WHAT YOU NEED TO DO: When the line containing "For a virtual" is found in the data below, copy it and each line after it through the line containing "Realistic Night Portrait", exactly and with no others.

DATASET ENTRIES:

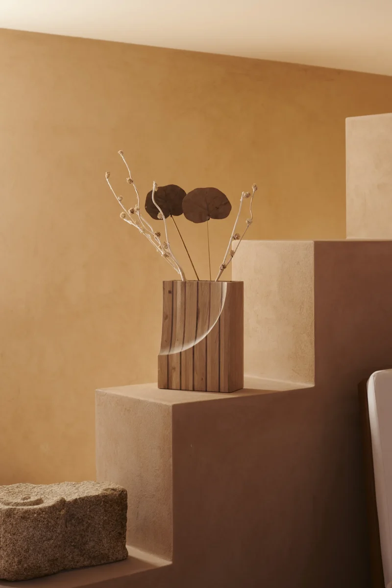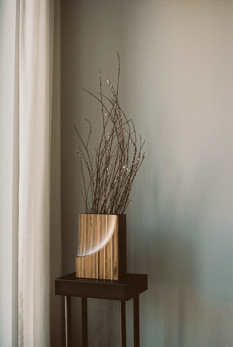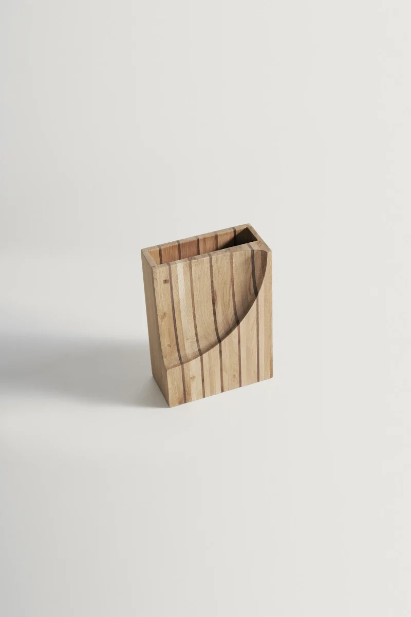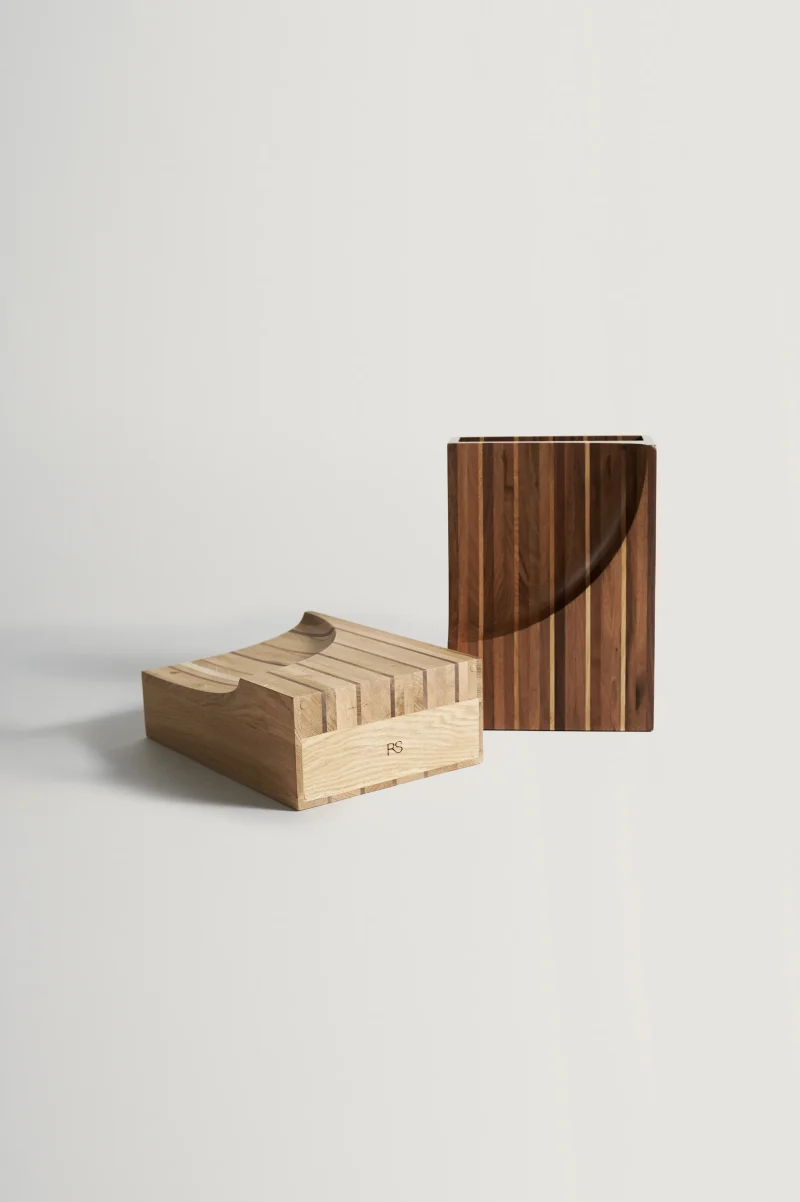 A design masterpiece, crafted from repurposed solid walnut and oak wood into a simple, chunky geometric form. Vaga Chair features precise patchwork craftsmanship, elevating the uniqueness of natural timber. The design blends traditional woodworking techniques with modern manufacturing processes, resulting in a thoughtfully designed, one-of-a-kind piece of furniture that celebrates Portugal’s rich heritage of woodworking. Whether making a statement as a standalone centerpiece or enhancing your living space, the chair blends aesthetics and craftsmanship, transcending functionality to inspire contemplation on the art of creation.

--

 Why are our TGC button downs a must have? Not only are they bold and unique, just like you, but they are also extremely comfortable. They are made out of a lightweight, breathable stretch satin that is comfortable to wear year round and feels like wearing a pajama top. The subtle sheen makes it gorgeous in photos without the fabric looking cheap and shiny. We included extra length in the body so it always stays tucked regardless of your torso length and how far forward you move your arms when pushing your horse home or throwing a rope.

==

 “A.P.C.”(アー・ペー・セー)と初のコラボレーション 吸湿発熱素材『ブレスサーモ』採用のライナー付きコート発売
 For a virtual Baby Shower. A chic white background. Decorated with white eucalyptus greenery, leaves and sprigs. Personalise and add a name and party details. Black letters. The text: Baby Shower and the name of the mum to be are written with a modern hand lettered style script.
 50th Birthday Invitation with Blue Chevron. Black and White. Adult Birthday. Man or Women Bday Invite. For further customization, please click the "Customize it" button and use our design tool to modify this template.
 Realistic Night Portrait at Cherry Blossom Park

COMPLETED TASK:
 For a virtual Baby Shower. A chic white background. Decorated with white eucalyptus greenery, leaves and sprigs. Personalise and add a name and party details. Black letters. The text: Baby Shower and the name of the mum to be are written with a modern hand lettered style script.
 50th Birthday Invitation with Blue Chevron. Black and White. Adult Birthday. Man or Women Bday Invite. For further customization, please click the "Customize it" button and use our design tool to modify this template.
 Realistic Night Portrait at Cherry Blossom Park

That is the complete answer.